The first owner of the book was Priscilla Bunbury (1615–1682), daughter of Sir Henry Bunbury of Little Stanney in Cheshire and his second wife Martha. The second owner was also a Priscilla Bunbury (c. 1675 – after 1707), daughter of Sir Thomas Bunbury, a grandson of Sir Henry and his first wife, and goddaughter of the first Priscilla.

==Contents==

Five pieces are attributed to Robert Hall, of whom nothing is known. Five are by Orlando Gibbons, and three by Randall Jewett, a member of the choir at Chester Cathedral and brother of the better-known Randolph Jewett, possibly a pupil of Orlando Gibbons. The entire "Battle" sequence by William Byrd is included as one piece (also found in My Ladye Nevells Booke).
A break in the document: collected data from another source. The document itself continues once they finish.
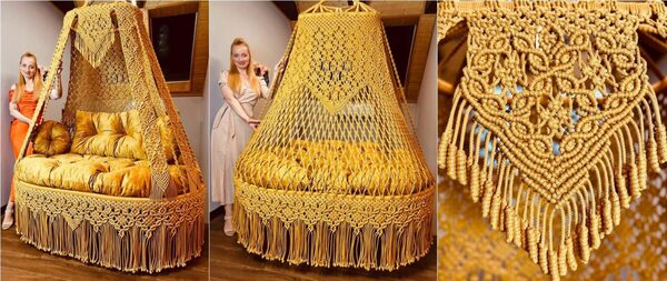 Встречайте кресло «Райский сад»: мою новую модель и мастер-класс! Ещё 6 месяцев назад я приступила к плетению для заказчика, который пожелал совместить большой, сложный узор шатра и удобство посадки кресла. Форму изделия клиент выбрал, а узор попросил создать на мой вкус. Я сразу поставила себе
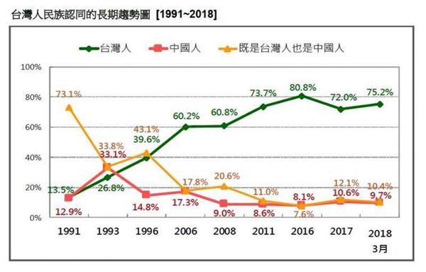台灣當前民族認同的狀態為何?台灣民意基金會延續1991 年台大胡佛教授所領導的「二屆國大代表研究」的傳統,問:「在台灣,有人自認為自己是中國人,也有人自認為是台灣人,請問您認為自己是台灣人還是中國人,或是您有其他的想法?」結果顯示,75.2%自認為自己是台灣人,9.7%自認為自己是中國人,10.4%自認為自己既是台灣人也是中國人,4.8%沒意見、不知道和拒答。換言之,在2018 年三月的台灣,二十歲以上的台灣成年人當中,有四分之三的人自認為是台灣人,一成左右的人自認為自己是中國人,另外一成的人自認為既是台灣人也是中國人。若和最近一次(2017/8)的全國性調查比較,可以清楚的發現,台灣認同者上升了3.2 個百分點,中國認同者略降0.9 個百分點,台灣與中國雙重認同者則略降1.7 個百分點。游盈表示,這再度顯示台灣認同在台灣已經是一個相當普遍且穩定的日常現象。
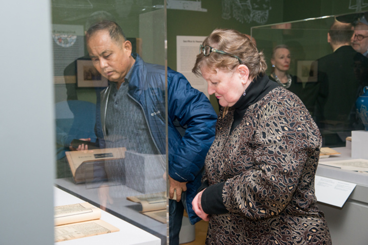 On March 23, receptions celebrated the opening of the spring Focus Projects: New York Crystal Palace 1853 and Design by the Book Chinese Ritual Objects and the Sanli tu. Guests visited the Galleries to enjoy the exhibitions and mingle over drinks and hor d’oeuvres. Pictured above are (from left) Professors Ivan Gaskell, Head of the Focus Gallery Project, and François Louis, curator of Design by the Book, with Gallery Director Nina Stritzler-Levine.
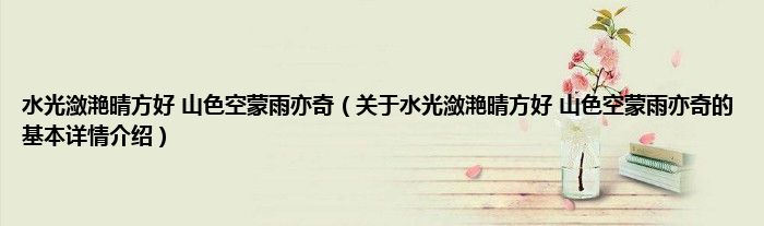 本文关于水光潋滟晴方好 山色空蒙雨亦奇的基本详情介绍就讲解完毕,希望对大家有所帮助。
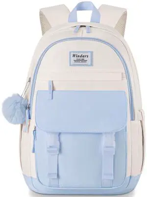 WINDARS School Backpack for Teen Girls, Cute College Backpacks for Women Students Aesthetic Bookbag Large 15.6 Inch Laptop Bag Middle School Travel Back Pack (Blue Beige)
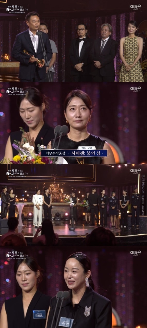 디즈니+ '카지노'는 드라마 부문 최우수 작품상, 넷플릭스 '사이렌: 불의 섬'는 예능 부문 최우수 작품상을 수상했다. 남자주연상은 하정우, 여자주연상은 수지가 수상했다.
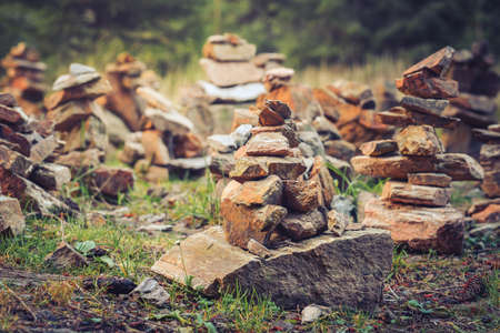 A stacked pile of stones in the forest. Tourists following the hiking trail add their stones to form numerous piles.
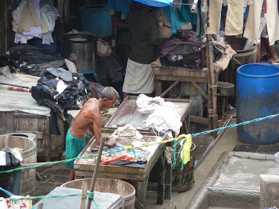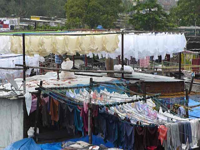 If you send out your laundry in Mumbai, it comes here to mingle with the other pants and sheets in hot sudsy water before it is beaten on a flogging stone, dipped in hot starch, and hung out to dry.
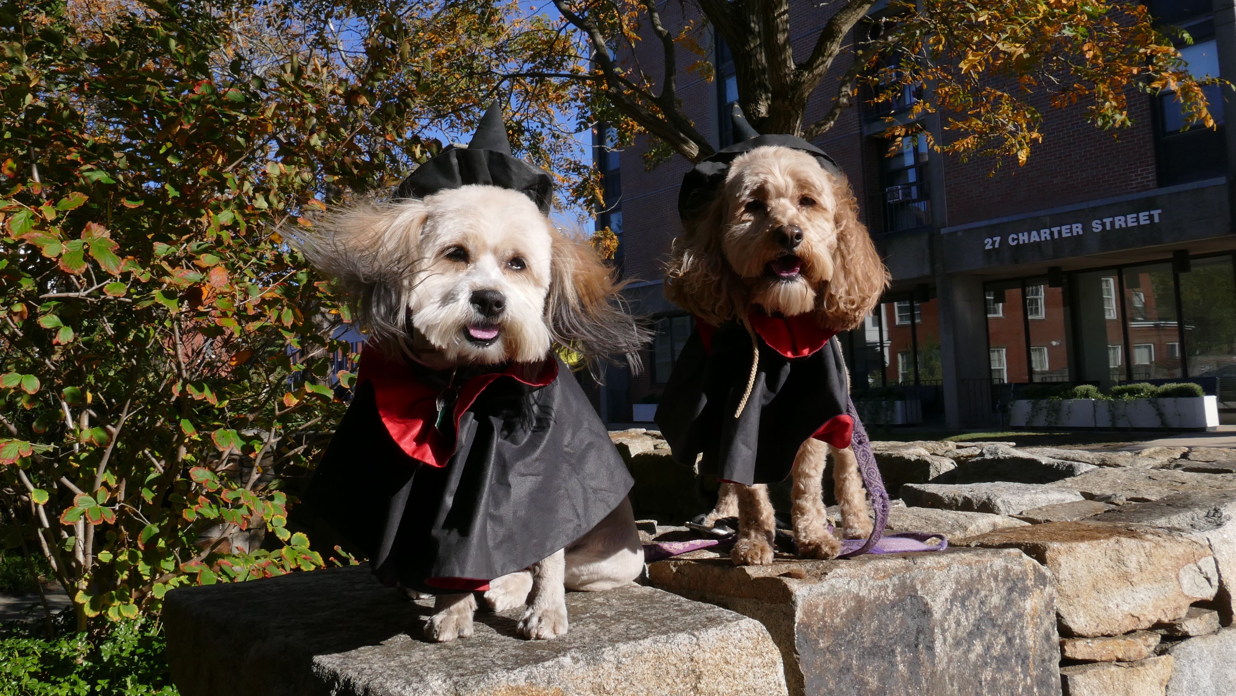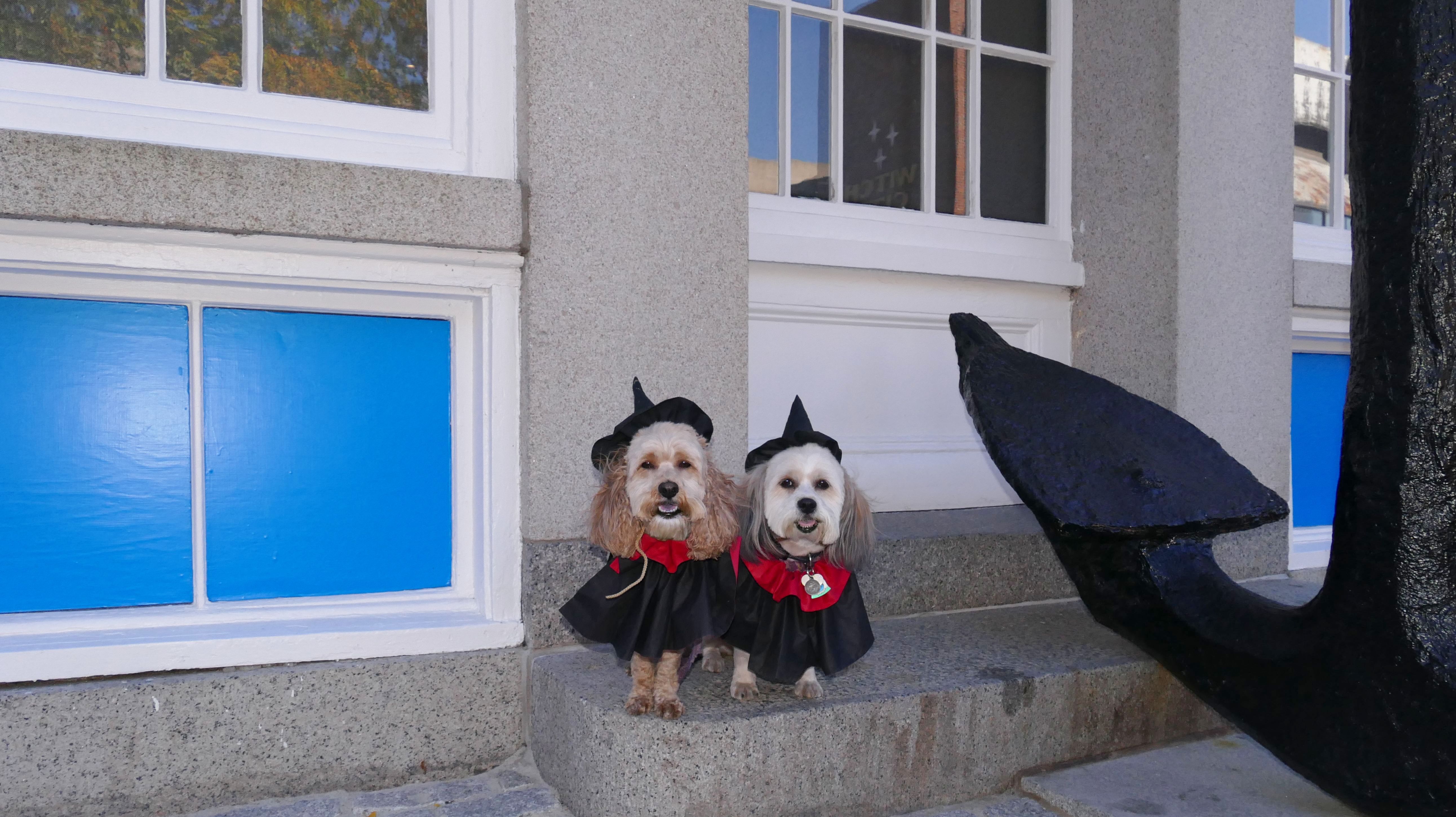 My wife wanted to go to Salem, MA in October to check out a bunch of shops. Since I wasn't going to go into any shops, I thought I could take Mandy and Lexi for a walk around town while she was shopping. Somewhere along the line, I had the idea that it would be cool to have the dogs wear their witch costumes since it was Salem during Halloween season. I really didn't think it was that original of an idea. Yet, they were very popular! I got stopped at least 30 times by people wanting to take their picture! Mandy and Lexi were instant celebrities. Lexi ate up the fame...Mandy had enough of it after a while! The last picture in the set my wife took as she left one of the shops and saw me with four young women all pawning over my dogs!

Twenty one of the pieces are not attributed.

1. [Untitled] Whoop, do me no harm, good man (Orlando Gibbons)
2. The White Ribbin
3. The freind's [sic] Good Night
4. The Celebran (Orlando Gibbons)
5. A jig
6. Put up thy dagger Jemmy (unattributed, but also found in the Fitzwilliam Virginal Book by Giles Farnaby)
7. Money is a Gallant thinge
8. Rappaks jig
9. The maukin
10. George
11. La holland
12. Mrs Prissilla Bunburie hir Delight
13. Almaine Mr Gibbons (Orlando Gibbons)
14. [Untitled] (Randall Jewett)
15. A maske (Orlando Gibbons)
16. Berchen Greene Hollan
17. A french Lesson
18. Swinnertons Almaine
19. A Maske
20. A Coranto
21. The Buildings
22. Churtons farwell (Randall Jewett)
23. Almaine (Randall Jewett)
24. Grayes Inn Maske (Orlando Gibbons)
25. The new Rant
26. The parson of the parrish
27. Captaine owens Delight
28. A horne pipe (Robert Hall)
29. The battle by mr:bird (William Byrd): The soldiers sumons[sic]: The foote march: The horse march: The trumpetts: Irish march: Bagpipe: fife and drum: march to the fighte: Tantara: [untitled]: [untitled]: The bells. (Also found in My Ladye Nevells Booke and Elizabeth Rogers' Virginal Book)
30. The buildinge
31. Frogg gall[iard] (Robert Hall)
32. The pleasing widdow (Robert Hall)
33. Mock widdow (Robert Hall)
34. My choyce is made and I desire no change. My choyce (Robert Hall)
35. The Nightingaill

==The fingering==

Pieces 1-28, corresponding to the hand of the first Priscilla Bunbury, contain full fingering indications. As far as the right hand is concerned, these follow the modern system, with the thumb numbered "1" and the little finger "5". The system is however reversed for the left hand, where the little finger is numbered "1" and the thumb "5". It is evident that the author favoured the use of the third finger for the right hand and the third finger and thumb for the left hand on "strong" notes.